As of 2015, find free legal guardian forms by using an online state court website or by inquiring with a state legal services organization, states FindLaw. Contact a court clerk in Texas, Oregon, North Dakota and Missouri because these states do not provide online forms, neither do Mississippi and Louisiana. FindLaw maintains a Web page with links to all state court systems that provide online guardian forms.
Legal guardian forms are often difficult to complete and may require an attorney's assistance, explains FindLaw. Courts assign guardianship in cases where minors or incapacitated adults require someone to make legal decisions on their behalf. Establishing guardianship of a minor usually requires different documentation than that required for an adult. Adults must often fill out a living will and a power of attorney in addition to a guardian form to grant someone legal guardianship. The process may require financial papers, such as investment and bank records, and property titles.

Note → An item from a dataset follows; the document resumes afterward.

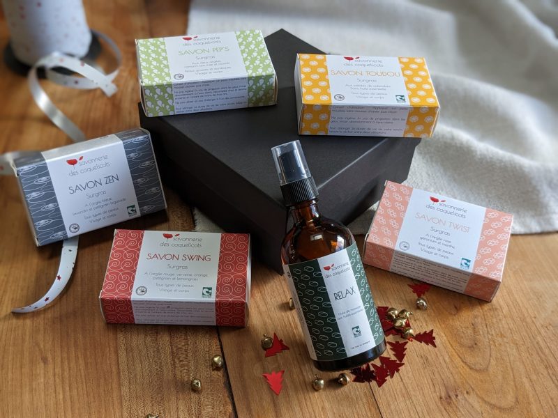 Ce coffret comprend une huile de massage Relax ainsi que 5 savons (1 zen, 1 Toudou, 1 Swing, 1 Pep’s, 1 Twist) dans une boîte en carton réutilisable.

Courts assign guardians to minors more often than adults, but adults with special needs and elderly parents sometimes require a guardian, according to FindLaw. Guardianship of an estate may be given to parents whose child acquires a large sum of money. A guardian's duties range from making pragmatic decisions about day-to-day necessities, such as clothing and food, to handling critical financial and medical arrangements. Family members and relatives are usually chosen as guardians, but occasionally a court designates a state employee for the role.